Task to carry out: Copy every line of the following data that includes the string "with".

Material provided:

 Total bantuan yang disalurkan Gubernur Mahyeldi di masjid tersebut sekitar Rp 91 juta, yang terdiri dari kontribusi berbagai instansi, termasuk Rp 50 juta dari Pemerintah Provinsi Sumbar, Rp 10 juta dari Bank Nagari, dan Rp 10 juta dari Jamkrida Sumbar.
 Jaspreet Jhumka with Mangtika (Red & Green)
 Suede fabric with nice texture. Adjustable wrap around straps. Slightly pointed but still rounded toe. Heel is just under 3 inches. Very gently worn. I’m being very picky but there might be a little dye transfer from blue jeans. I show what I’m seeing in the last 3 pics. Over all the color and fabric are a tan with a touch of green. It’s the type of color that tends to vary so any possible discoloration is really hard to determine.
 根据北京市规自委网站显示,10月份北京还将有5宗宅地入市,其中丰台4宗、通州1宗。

==

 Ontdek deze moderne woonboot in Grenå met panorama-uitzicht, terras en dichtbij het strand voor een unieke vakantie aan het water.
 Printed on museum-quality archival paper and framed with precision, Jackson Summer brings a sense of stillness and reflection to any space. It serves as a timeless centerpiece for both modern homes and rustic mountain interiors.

Written answer:
 Jaspreet Jhumka with Mangtika (Red & Green)
 Suede fabric with nice texture. Adjustable wrap around straps. Slightly pointed but still rounded toe. Heel is just under 3 inches. Very gently worn. I’m being very picky but there might be a little dye transfer from blue jeans. I show what I’m seeing in the last 3 pics. Over all the color and fabric are a tan with a touch of green. It’s the type of color that tends to vary so any possible discoloration is really hard to determine.
 Printed on museum-quality archival paper and framed with precision, Jackson Summer brings a sense of stillness and reflection to any space. It serves as a timeless centerpiece for both modern homes and rustic mountain interiors.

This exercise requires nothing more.